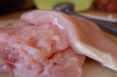 Куриную грудку порезать пополам, чтобы образовался кармашек. Слегка отбить посолить.
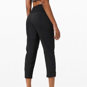 Brand new pair of black LuLuLemon studio crops. I ordered these and hoped they would work so washed them (hung to dry), but sadly they are too small :(
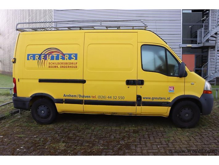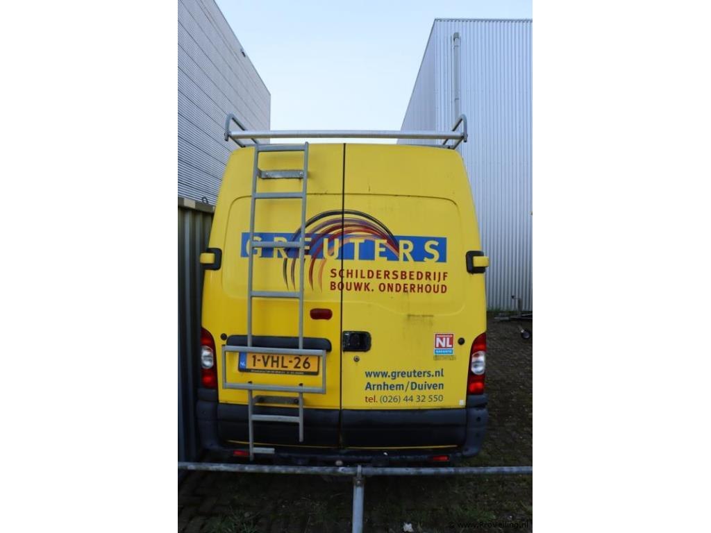 Kavelomschrijving – Renault Master dCi120 T35 L2/H2 (2010) Algemene gegevens Merk: Renault Model: Master dCi120 T35 L2/H2 2.5 dCi 88 kW E4 FAP Bouwjaar: 2010 Kilometerstand: ca. 175.093 km Brandstof: Diesel Vermogen: 88 kW Aantal cilinders: 4 Emissieklasse: Euro 4 Transmissie: Handgeschakeld (6 versnellingen) Aantal zitplaatsen: 2 Eigenaren: 1e eigenaar Massa rijklaar: 1.980 kg Toegestane max. massa voertuig: 3.500 kg Laadvermogen: 1.620 kg APK geldig tot: 9 mei 2025 Opties & accessoires Dak imperiaal Trekhaak Bedrijfswageninrichting Elektrische ramen Airconditioning Inbouw radio/CD-speler Omschrijving Deze Renault Master betreft een ruime en praktische bedrijfswagen, geschikt voor intensief professioneel gebruik. Dankzij de aanwezige inrichting, Dak imperiaal en trekhaak is het voertuig direct inzetbaar voor diverse transporten- en werktoepassingen. De wagen is voorzien van een 88 kW dieselmotor en een handgeschakelde 6-versnellingsbak, wat zorgt voor betrouwbare prestaties en efficiënte inzetbaarheid. Het voertuig kan gebruiks- en ouderdomssporen vertonen, passend bij de leeftijd en kilometerstand. Het voertuig wordt aangeboden in de huidige staat. Veilinginformatie Geïnteresseerden wordt nadrukkelijk geadviseerd gebruik te maken van het bezichtigingsmoment alvorens een bieding te plaatsen. Bezichtiging U bent van harte welkom tijdens de kijkdag om het voertuig van dichtbij te inspecteren en een goede indruk te krijgen van de algehele staat.

━━━━━━━━━━━━━━━━

Exercise requirements => Pictures stay out; output the lines from the top of the listing above through the line containing "Brand new pair", exactly as they stand.

Solution for this task =>
 Куриную грудку порезать пополам, чтобы образовался кармашек. Слегка отбить посолить.
 Brand new pair of black LuLuLemon studio crops. I ordered these and hoped they would work so washed them (hung to dry), but sadly they are too small :(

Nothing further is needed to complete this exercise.